Take the entries below and print only the lines from the one with "- отварить желудки" through the one with "2010/11/28 Category : ミニバス", exactly as they stand, both ends included.

◆ **DATA FOR REVIEW**
____
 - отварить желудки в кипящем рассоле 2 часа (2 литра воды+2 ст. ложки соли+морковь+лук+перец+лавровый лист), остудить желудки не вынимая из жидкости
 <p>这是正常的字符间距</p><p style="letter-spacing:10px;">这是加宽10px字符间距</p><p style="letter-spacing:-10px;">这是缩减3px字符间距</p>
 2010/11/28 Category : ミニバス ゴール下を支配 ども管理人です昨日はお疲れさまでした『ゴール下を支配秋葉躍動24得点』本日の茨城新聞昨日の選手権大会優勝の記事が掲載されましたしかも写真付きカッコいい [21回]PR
____
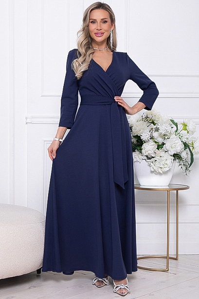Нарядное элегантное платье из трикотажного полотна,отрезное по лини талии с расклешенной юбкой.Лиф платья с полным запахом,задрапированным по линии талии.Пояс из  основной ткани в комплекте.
____
◆ **ANSWER SPACE**
 - отварить желудки в кипящем рассоле 2 часа (2 литра воды+2 ст. ложки соли+морковь+лук+перец+лавровый лист), остудить желудки не вынимая из жидкости
 <p>这是正常的字符间距</p><p style="letter-spacing:10px;">这是加宽10px字符间距</p><p style="letter-spacing:-10px;">这是缩减3px字符间距</p>
 2010/11/28 Category : ミニバス ゴール下を支配 ども管理人です昨日はお疲れさまでした『ゴール下を支配秋葉躍動24得点』本日の茨城新聞昨日の選手権大会優勝の記事が掲載されましたしかも写真付きカッコいい [21回]PR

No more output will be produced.